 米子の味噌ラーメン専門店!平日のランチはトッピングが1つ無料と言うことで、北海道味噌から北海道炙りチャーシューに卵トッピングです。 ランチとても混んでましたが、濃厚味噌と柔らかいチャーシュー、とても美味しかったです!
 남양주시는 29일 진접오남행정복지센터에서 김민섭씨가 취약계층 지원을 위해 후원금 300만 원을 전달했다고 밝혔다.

= = = =

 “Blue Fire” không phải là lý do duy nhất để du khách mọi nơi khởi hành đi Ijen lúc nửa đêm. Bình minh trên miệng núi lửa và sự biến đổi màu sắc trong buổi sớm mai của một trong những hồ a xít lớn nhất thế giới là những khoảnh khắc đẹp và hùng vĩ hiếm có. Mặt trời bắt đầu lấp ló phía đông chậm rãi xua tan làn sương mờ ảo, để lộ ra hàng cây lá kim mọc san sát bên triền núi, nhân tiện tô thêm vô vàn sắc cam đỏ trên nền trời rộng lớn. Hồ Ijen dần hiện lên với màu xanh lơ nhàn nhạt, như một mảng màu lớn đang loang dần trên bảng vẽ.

= = = =

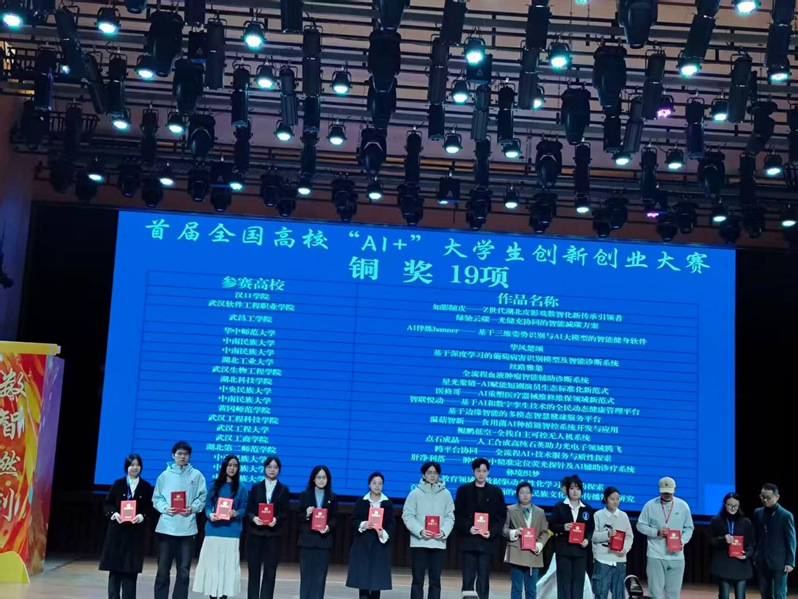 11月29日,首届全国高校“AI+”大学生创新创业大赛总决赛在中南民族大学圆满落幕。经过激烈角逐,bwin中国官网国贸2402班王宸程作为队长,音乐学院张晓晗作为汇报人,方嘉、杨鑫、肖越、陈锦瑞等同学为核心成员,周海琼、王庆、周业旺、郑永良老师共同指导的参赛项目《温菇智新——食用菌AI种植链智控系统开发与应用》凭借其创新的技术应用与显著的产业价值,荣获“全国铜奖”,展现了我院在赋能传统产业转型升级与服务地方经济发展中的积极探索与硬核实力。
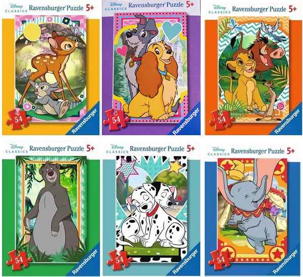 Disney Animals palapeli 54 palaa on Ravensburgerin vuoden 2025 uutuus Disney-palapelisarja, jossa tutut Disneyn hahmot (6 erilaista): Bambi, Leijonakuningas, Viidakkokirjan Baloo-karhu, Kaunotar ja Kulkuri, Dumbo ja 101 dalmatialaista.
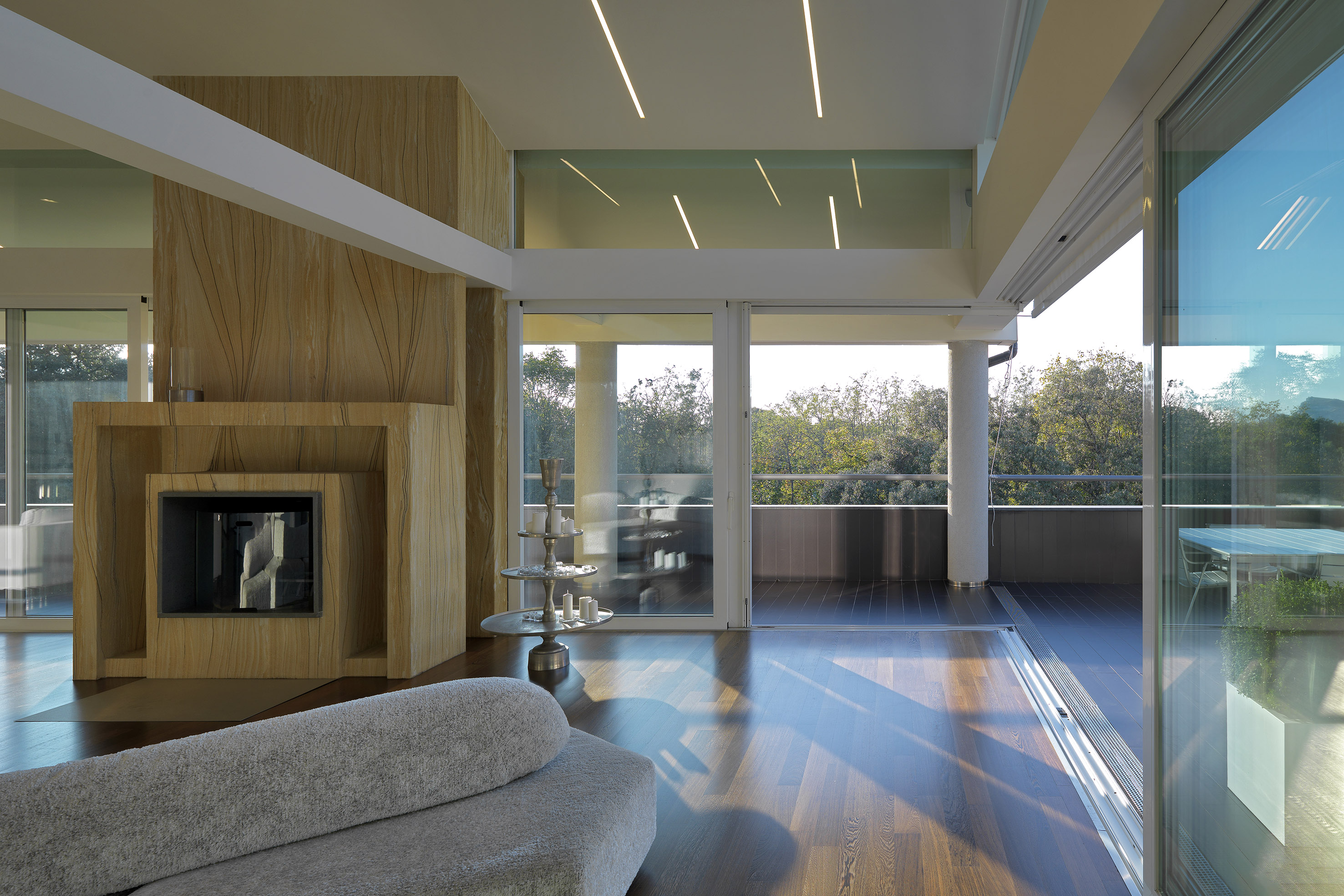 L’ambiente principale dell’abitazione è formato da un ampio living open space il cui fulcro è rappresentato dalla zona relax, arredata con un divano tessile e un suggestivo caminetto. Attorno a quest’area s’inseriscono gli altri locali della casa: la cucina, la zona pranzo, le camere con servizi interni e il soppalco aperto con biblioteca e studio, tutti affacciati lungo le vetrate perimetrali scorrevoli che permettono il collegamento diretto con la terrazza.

= = = =

=== What the task requires ===
A verbatim reproduction is expected: starting at the line above that has "Disney Animals palapeli", ending at the line that has "L’ambiente principale dell’abitazione", both included, and with no pictures and no other lines.

=== Solution to the exercise ===
 Disney Animals palapeli 54 palaa on Ravensburgerin vuoden 2025 uutuus Disney-palapelisarja, jossa tutut Disneyn hahmot (6 erilaista): Bambi, Leijonakuningas, Viidakkokirjan Baloo-karhu, Kaunotar ja Kulkuri, Dumbo ja 101 dalmatialaista.
 L’ambiente principale dell’abitazione è formato da un ampio living open space il cui fulcro è rappresentato dalla zona relax, arredata con un divano tessile e un suggestivo caminetto. Attorno a quest’area s’inseriscono gli altri locali della casa: la cucina, la zona pranzo, le camere con servizi interni e il soppalco aperto con biblioteca e studio, tutti affacciati lungo le vetrate perimetrali scorrevoli che permettono il collegamento diretto con la terrazza.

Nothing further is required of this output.